Joshua is fast. The knockdown he suffered against Klitschko proved he has something of a chin and a younger Klitschko would surely have finished the job at hand. Still, the knockdown stunned Joshua into the realisation that he was in a bout he was likely to lose if he didn’t start summoning the aggression needed to turn the fight around. He was angry with himself. It might have been less than rage, but he was a different fighter. It was controlled aggression.
Will he unify all the world heavyweight titles by taking the WBC belt from the American Deontay Wilder, the “Alabama Slammer”, next year?
I say he will. Wilder is taller at just over two metres, but lighter at 103 kg to Joshua’s 115 kg. Wilder, after demolishing Bermane Stiverne in New York in under three minutes, leaving his opponent helpless on his back, his legs buckled under him, just as quickly challenged Joshua to a showdown, bragging, “I know I’m the best. Are you up for the test?”

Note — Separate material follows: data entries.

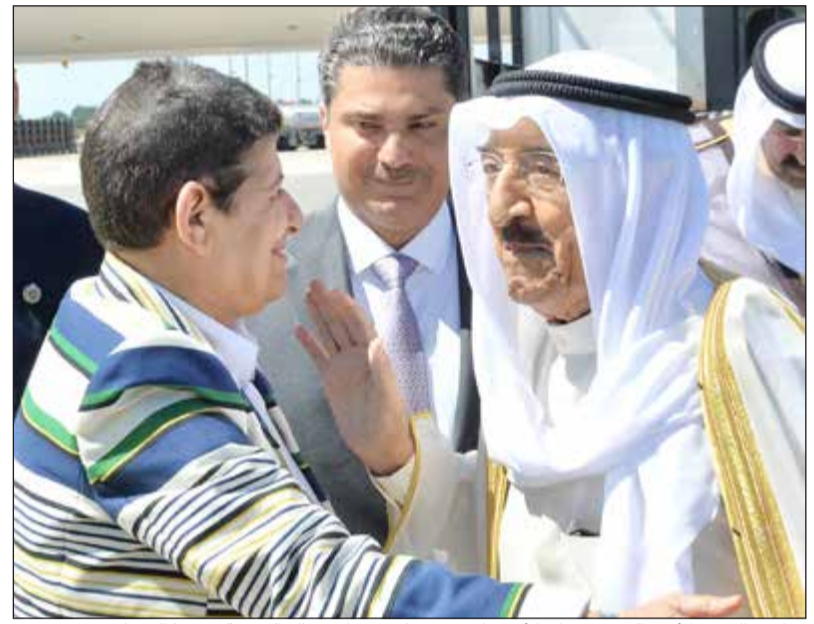
صاحب السمو الأمير الشيخ صباح الأحمد لدى وصوله وفي استقباله الشيخة درشا الصباح
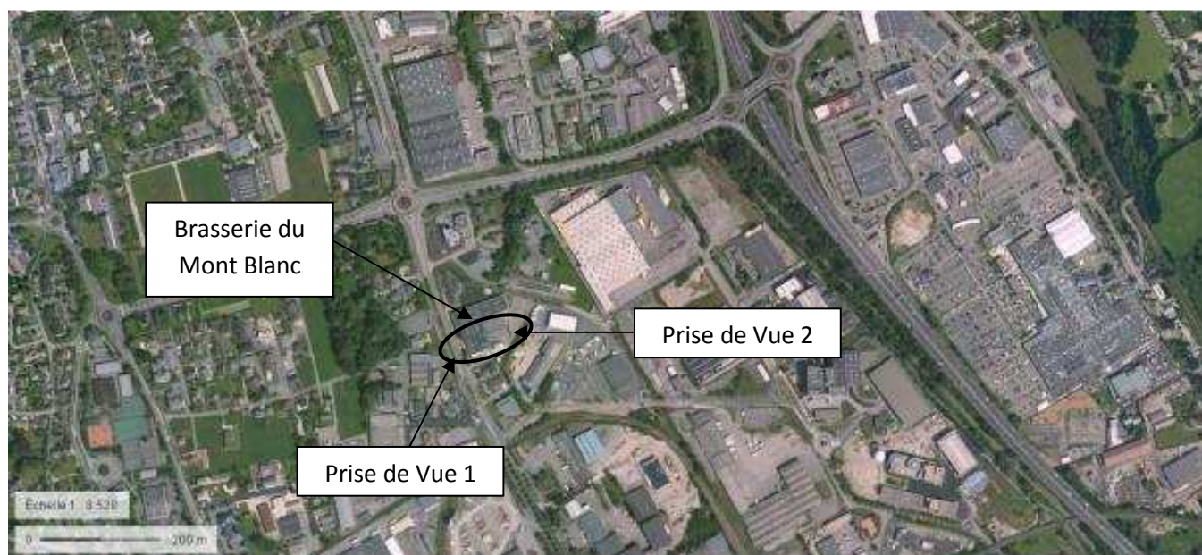
Prise de vue 1 depuis la rue Cassin (façade Ouest) :
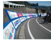
企業協賛によるセーフティマット設置等(45社協賛)
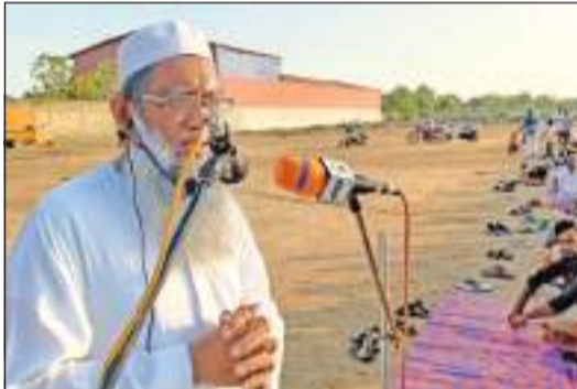
அக்கரைப்பற்று வடக்கு தினகரன் நிருபர்

சர்வதேசப்பிறை அடிப்படையில் புனித நோன்புப் பெருநாள் தொழுகை அக்கரைப்பற்று பொது விளையாட்டு மைதான திறந்த வெளியில் நேற்று திங்கட்கிழமை (02) காலை 6.30மணிக்கு இடம்
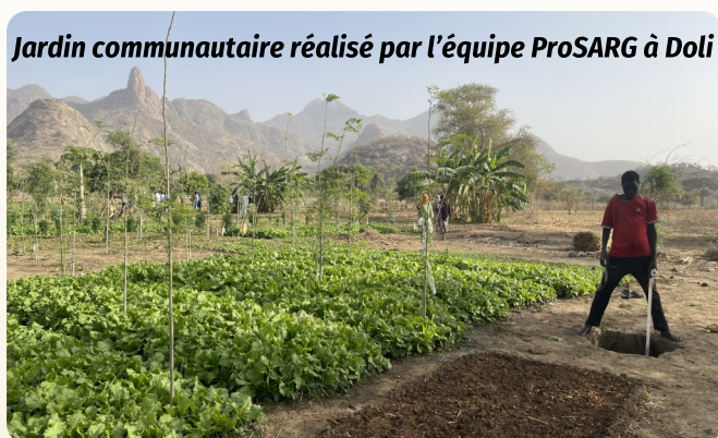
Jardin communautaire réalisé par l'équipe ProSARG à Doli

Le projet ProSARG montre des résultats vraiment impressionnants. Sur le terrain, les changements sont profonds : les familles passent de situations précaires à des activités qui rapportent, les communautés deviennent plus solidaires et les sols, autrefois épuisés ou détériorés par les intrants chimiques, redeviennent productifs. Ces dernières années, les agriculteur-rice-s devaient parfois cultiver des champs situés à plus de 20 km de leur village pour trouver des terres encore fertiles. Aujourd'hui, grâce à la méthode du Zaï, ils peuvent régénérer les champs proches de chez eux et les remettre en culture. Ceux qui réussissent avec cette technique changent aussi souvent de statut et deviennent des personnes importantes et écoutées au sein du village. Un signe qui ne trompe pas : la disparition des périodes de soudure 1 , preuve que la sécurité alimentaire s'améliore concrètement. Mais tout n'est pas parfait. Le succès du projet fait aussi apparaître des tensions, notamment autour des terres restaurées ou entre agriculteurs et éleveurs, preuve que tout cela se joue dans un contexte fragile.
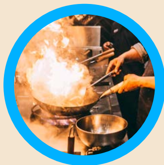
Live Cooking Stationen
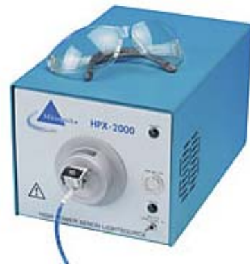
HPX-2000 Spectral Output
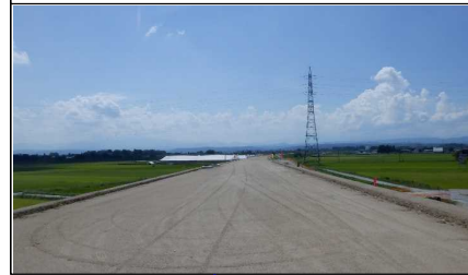
南陽市竹原地内 (小国方向)
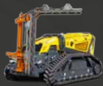
Lamier a disques
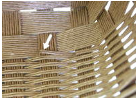
47 カットしたところ。
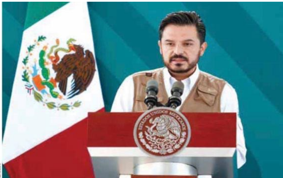
Robledo | Integración paulatina de los sistemas estatales.

Indicó que la transformación del sistema de salud representa contratar a más personal, invertir en infraestructura y en procesos de fiscalización.
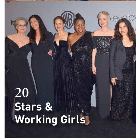
20 Stars & Working Girls
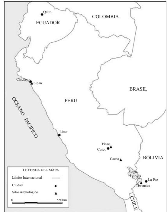
Figura 1. Mapa con los sitios mencionados en el texto.

En cuanto a lo preincaico conviene primero indagar sobre la relación entre los incas y Tiwanaku, el centro del mundo y el lugar de origen por excelencia. En sus primeros dos capítulos Betanzos recoge mitos locales –aparentemente no versiones “oficiales”– acerca de seres míticos llamados viracochas y los vincula con ancestros petrifica-
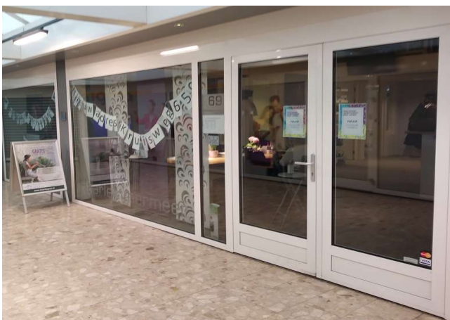
Hoorbegrip in Pax
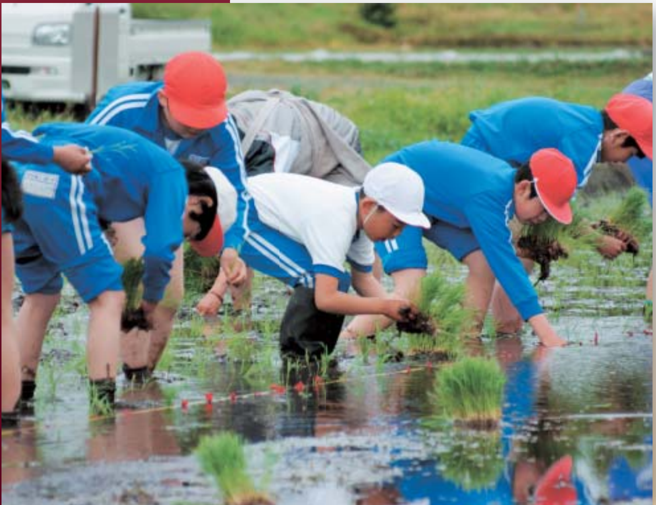
泥んこまみれで「田植え体験」(本米崎小児童)
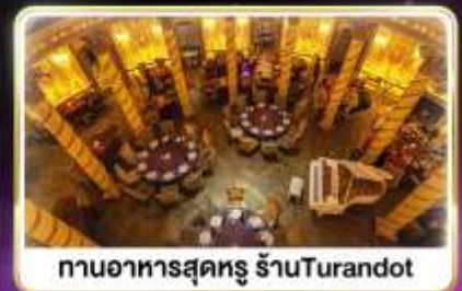
กานอาหารสุดหรู ร้านTurandot
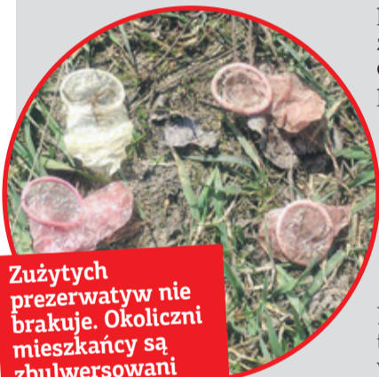
Zużytych prezerwatyw nie brakuje. Okoliczni mieszkańcy są zbulwersowani
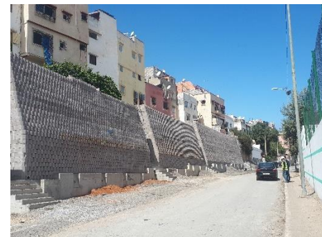
Avancement vue du parement
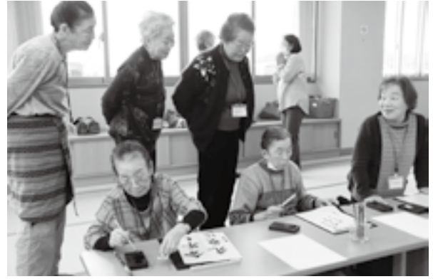
ミニイベントの書き初めで新年の抱負を
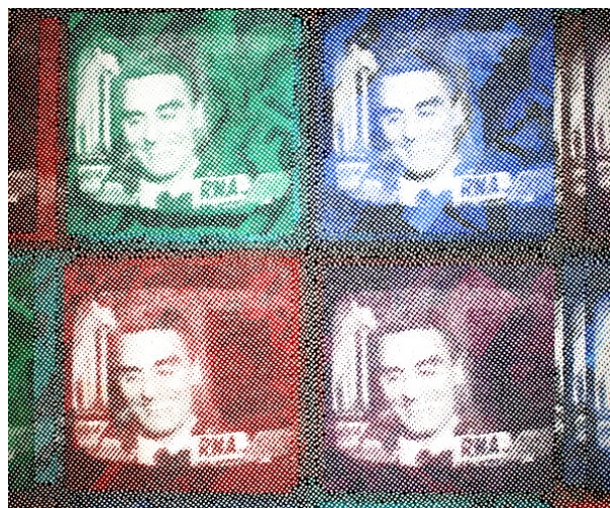
Figura 15. «recordação de Portugal» (200 x 200 cm).

convertido em ironia quando olhamos atentamente para a tela, em que são pintados, de forma pixelizada, quatro monitores a mostrarem, em cores distintas, uma mesma imagem que lembra Cavaco Silva (então há mais de dez anos no poder como primeiro-ministro e que, dez anos depois, seria candidato eleito à Presidência da República). Logo, a «recordação de Portugal» passa de lírica no título para consubstancialmente nociva – a imagem em píxeis acaba por se tornar uma metáfora com a «ampliação» da matéria. Poderíamos encaixar como trilha sonora, nesse caso, desde aquele chiado que os aparelhos televisores fazem quando estão a falhar até «Portugal Radical», dos Ena Pá 2000, com o seu «Não sei o que falar / mas tou farto de vos aturar», ou ainda «Hoje eu acordei feliz», do Charlie Brown Jr., com «Hoje eu acordei para sorrir mostrar os dentes / Hoje eu acordei para matar o presidente». Mas quem na imagem pintada realmente está a sorrir é o espectro de “Cavaco”, com toda a sua imagem mediática.
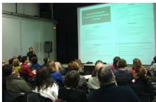
Més de 60 professionals van participar a les jornades els dies 16 i 23 de gener

Es preveu continuar aquesta formació inicial amb la creació de grups de treball del professorat, serveis educatius i agents educatius del Pla Educatiu d'Entorn per tal d'implementar accions directes de millora a l'aula i en el treball amb les famílies, acompanyades de processos de reflexió per millorar l'eficàcia i eficiència d'aquestes accions.
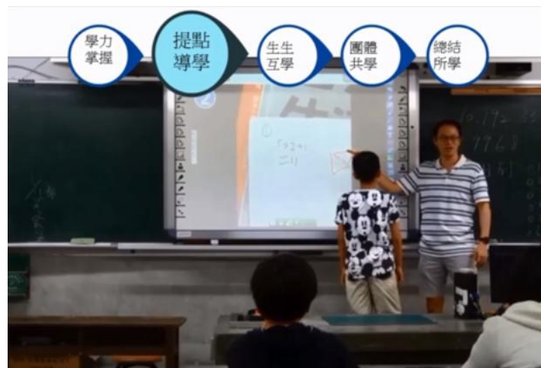
教師佈題，誘發孩子的多元思考，師生一問一答，釐清孩子觀念
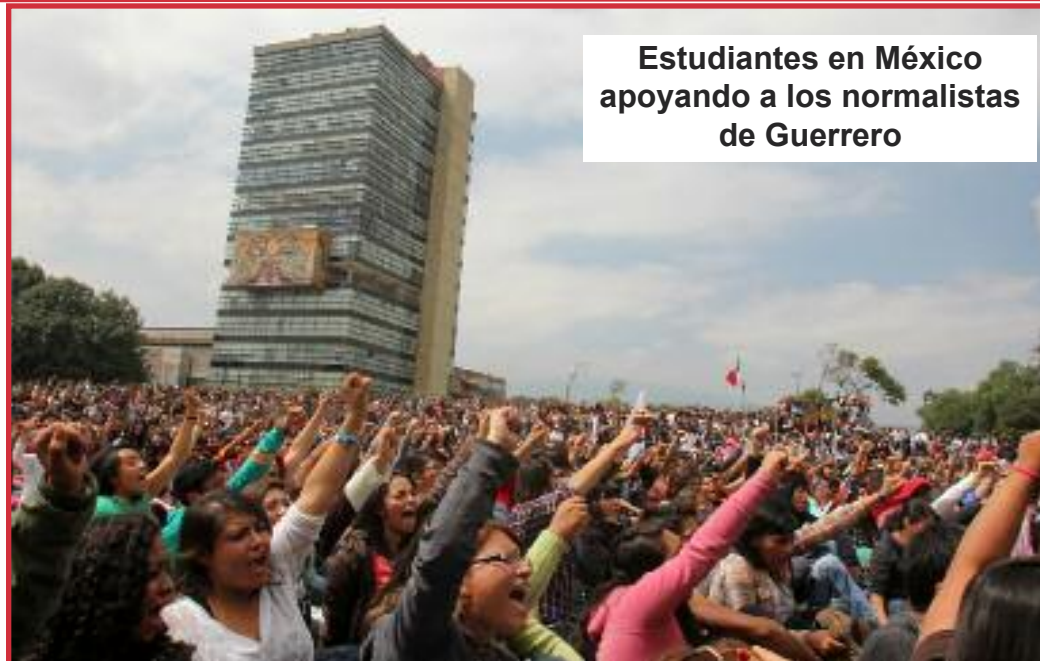
Estudiantes en México apoyando a los normalistas de Guerrero
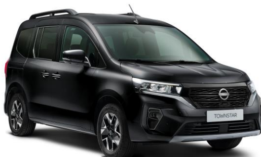
Czarny - GNE

Lakiery metalizowane / perłowe - 2 400 zł

It was not exactly trash talk. More like entertainment: “A king doesn’t chase the peasants. A king takes kings. I want Joshua. Come and see me baby. No more dodging, no more excuses. Make the date, don’t wait.”
Sounds more like Ali than Joshua. But in the sculptured presence of Joshua
there is something of the boxer Time magazine said was the most instantly recognised human being in the world.
PETER COSTER is a former editor and foreign correspondent who has covered a range of international sports, including world championship fights and the Olympic Games.